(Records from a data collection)
'''
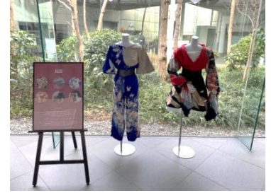
【衣装のテーマ】民俗
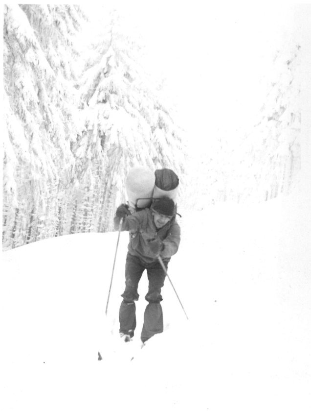
Obr.4. Cesta na Červenohorské sedlo
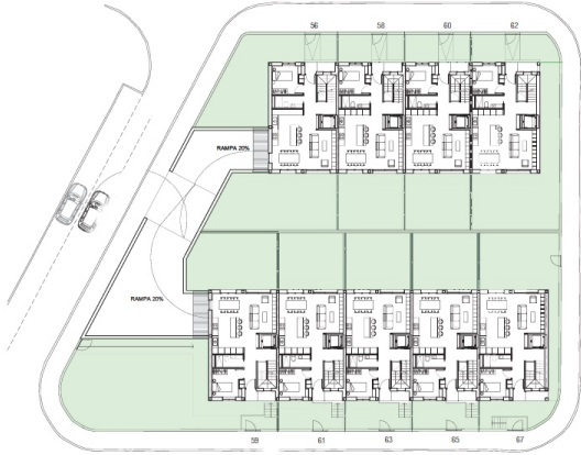
PLANTA BAIXA ↻
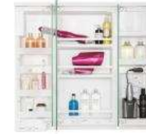
コンセント 3個 (うち収納内2個) 収納例 ※写真はスリムLED3面鏡 幅900mmの収納例です。

電動ハブラシなどを 充電しながら収納できる。 収納内部にコンセントを 2個設置。バッテリー切れや 充電中の出しっぱなしを なくせます。
'''
(Problem description) Set every entry down again exactly as written, and omit the images.

(Result of the exercise)
【衣装のテーマ】民俗
Obr.4. Cesta na Červenohorské sedlo
PLANTA BAIXA ↻
コンセント 3個 (うち収納内2個) 収納例 ※写真はスリムLED3面鏡 幅900mmの収納例です。

電動ハブラシなどを 充電しながら収納できる。 収納内部にコンセントを 2個設置。バッテリー切れや 充電中の出しっぱなしを なくせます。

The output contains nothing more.